To explain what this term means and why it is important, let me provide you with a simple example.

Imagine two shops, A and B situated next to each other selling mobile phones. There is a high possibility that there might be some intersection in their portfolios which means that there may be some handsets being sold in both the shops. Given their proximity in distance, the price of the handset in shop A might affect volume sales in shop B. This phenomenon is called as sales cannibalization.

The above example is very simplistic. The dynamics of sales cannibalization are complex and there are many kinds of cannibalization phenomena. Let me try to list a few that come to my mind –

1. Cannibalization by a competing store

2. Cannibalization by a competing product which is similar to the product in consideration

3. Cannibalization by other brands

These forces of cannibalization are at play in every kind of industry and it is necessary to factor them into any driver analysis of sales.

Competitor price is generally taken as a variable representing cannibalization. The co-efficient obtained through OLS regression for any cannibalization variable must be positive. It follows from the logic that your sales volume goes up as the competitor increases price of his goods.

This concept is applicable to any industry where there exists substitute products.

## Forecasting vs Driver Analysis

Forecasting is an analytical exercise conducted to predict future outlook for any variable of interest. The variable can be sales, units, margins, market share etc. Forecasting is done for a future period based on historical data available with the analyst.

Driver Analysis is mainly done to identify causality. The variables for which a driver analysis is done is similar to the ones which can be forecasted.

Driver Analysis helps us quantify the impact of every independent variable on the dependent variable. It tells how much the dependent variable will increase with a unit increase in the independent variables upto a statistical degree of accuracy. Forecasting on the other hand cannot be used to measure impact of independent variables. The output from a forecasting tool would give us the predicted values of the variable of interest for a future time. Driver analysis can also be used to predict values of the dependent variable by providing it with suitable inputs but the accuracy of prediction for a Driver Analysis may not be as high as that of a Forecasting exercise. In a forecasting analysis, we include all variables into the predictor list as long as they are statistically significant but we do not check for correlation between the various independent variables. The assumption here is that no matter how correlated two or more variables are to each other, there is some additional information in each of them which can increase the accuracy of prediction. We do not include highly correlated variables in a driver analysis because doing so may cause the effect of one variable to be explained by the other variable and hence the statistical estimates that we obtain may not be accurate. The usual practice is to just include that particular dependent variable(out of the list of correlated variables) which makes sense from a business standpoint. This is the trade-off that happens during the variable selection exercise for the respective analyses. To put it in a simple way – A forecasting exercise compromises on causality to achieve higher levels of forecast accuracy whereas a Driver Analysis compromises on accuracy to yield better causality.

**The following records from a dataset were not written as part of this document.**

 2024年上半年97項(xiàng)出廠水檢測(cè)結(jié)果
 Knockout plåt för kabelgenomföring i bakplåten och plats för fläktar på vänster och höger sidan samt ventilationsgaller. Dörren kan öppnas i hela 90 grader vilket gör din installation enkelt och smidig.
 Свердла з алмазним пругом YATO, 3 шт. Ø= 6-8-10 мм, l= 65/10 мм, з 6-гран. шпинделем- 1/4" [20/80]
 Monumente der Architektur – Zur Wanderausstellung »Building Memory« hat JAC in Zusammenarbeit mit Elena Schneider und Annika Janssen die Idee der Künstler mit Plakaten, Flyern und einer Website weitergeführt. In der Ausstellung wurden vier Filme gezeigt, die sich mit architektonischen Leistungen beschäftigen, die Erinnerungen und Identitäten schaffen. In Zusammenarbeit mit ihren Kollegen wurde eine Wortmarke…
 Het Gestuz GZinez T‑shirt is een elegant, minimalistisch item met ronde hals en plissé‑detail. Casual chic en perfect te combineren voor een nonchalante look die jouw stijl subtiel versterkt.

There are many tools available that aid us in doing the above mentioned analysis. ARIMA (Auto Regressive Integrated Moving Average) and ARIMAX(Auto Regressive Integrated Moving Average with exogenous variables) are popular tools today, in the hands of analysts doing a forecasting project. Driver Analysis can be done through OLS(Ordinary Least Square) Regression or MLH (Maximum LikeliHood) Regression techniques.

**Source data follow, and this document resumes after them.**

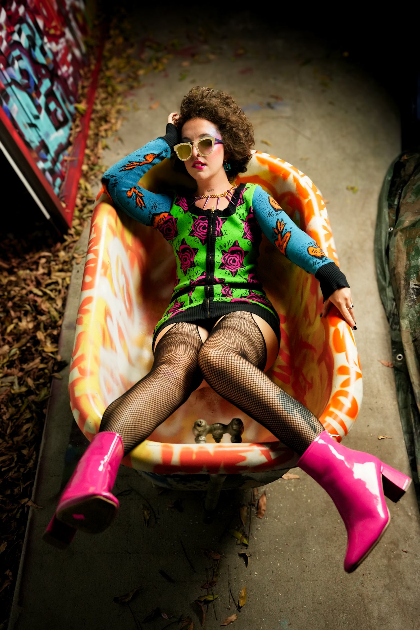 Celebrate bold 80’s fashion with this vintage Betsey Johnson multicolor zip-up cardigan dress, featuring the inspiring words "Charity, Hope, Faith." With two front pockets, it’s the perfect mix of quirky style and cheeky functionality.
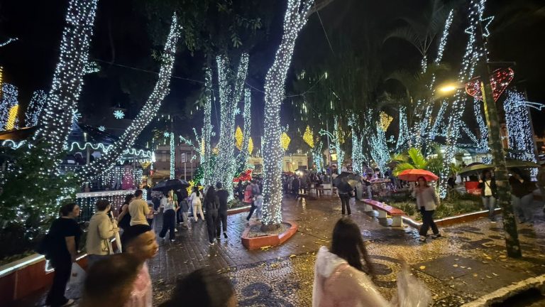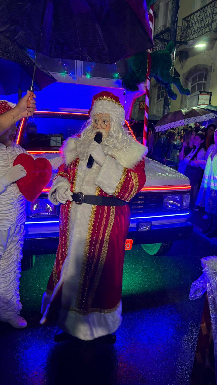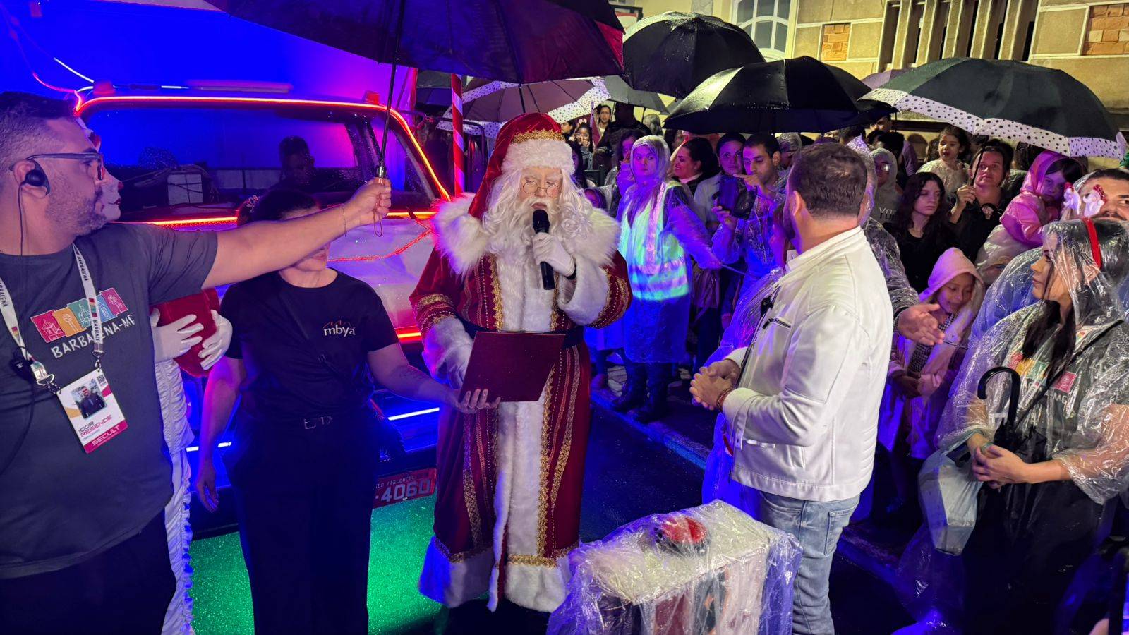 A chuva não impediu os barbacenenses de acompanhar a movimentação em torno dos pontos instagramáveis do Sonho de Natal, versão 2025. Denominado Natal do Amor, o acendimento das luzes aconteceu na noite desta sexta-feira (14), mesmo debaixo da chuva que insistia em cair. A inauguração das luzes do natal, em Barbacena, foi feita pelo vice-prefeito, Aloísio Dias.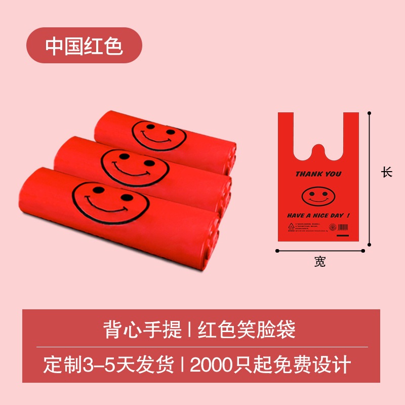 购物袋超市背心购物袋水果外卖包装袋手提透明笑脸塑料袋批发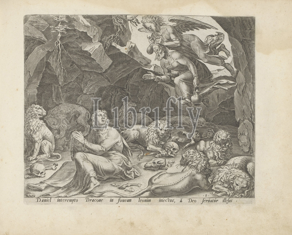 Daniel, lion's den Van den Bel, den Draeck, Babel, series title, History, Bel, dragon, Den Grooten Figuer-Bibel, trapped, lion's den, seven lions, angel brings, prophet Habakkuk, Habakkuk, food, God's request, Under, representation, explanatory text, Latin, Print, part, album, carried, hair, angel, brings food, sits unharmed, lions, Philips Galle, 1565, 1646, paper, engraving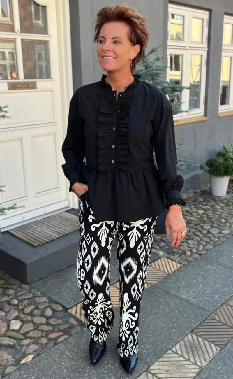 Elegant bluse med knapper på ærmet og ned langs. Blusen er sort og har de smukkeste flæser.

The problem statement for the above analyses can be like something mentioned below –

- The business user wants to forecast revenues for a future period in order to ensure efficient inventory and demand planning – A Forecasting Exercise
- The business user wants to identify drivers of revenues so that he can optimally allocate budget among his various marketing channels – A Driver Analysis

Independent variables considered for the above analyses usually fall under the following categories –

- Product Price
- Cannibalization from Competing Products
- Promotional Activities
- Competitor Promotion
- Seasonality
- Product Life Cycle
- Simple Trends

The requirements for the above analysis would be a fair amount of historical data, data preparation and analysis tools such as SQL and software such as SAS with in-built modules for ARIMAX, Regression etc.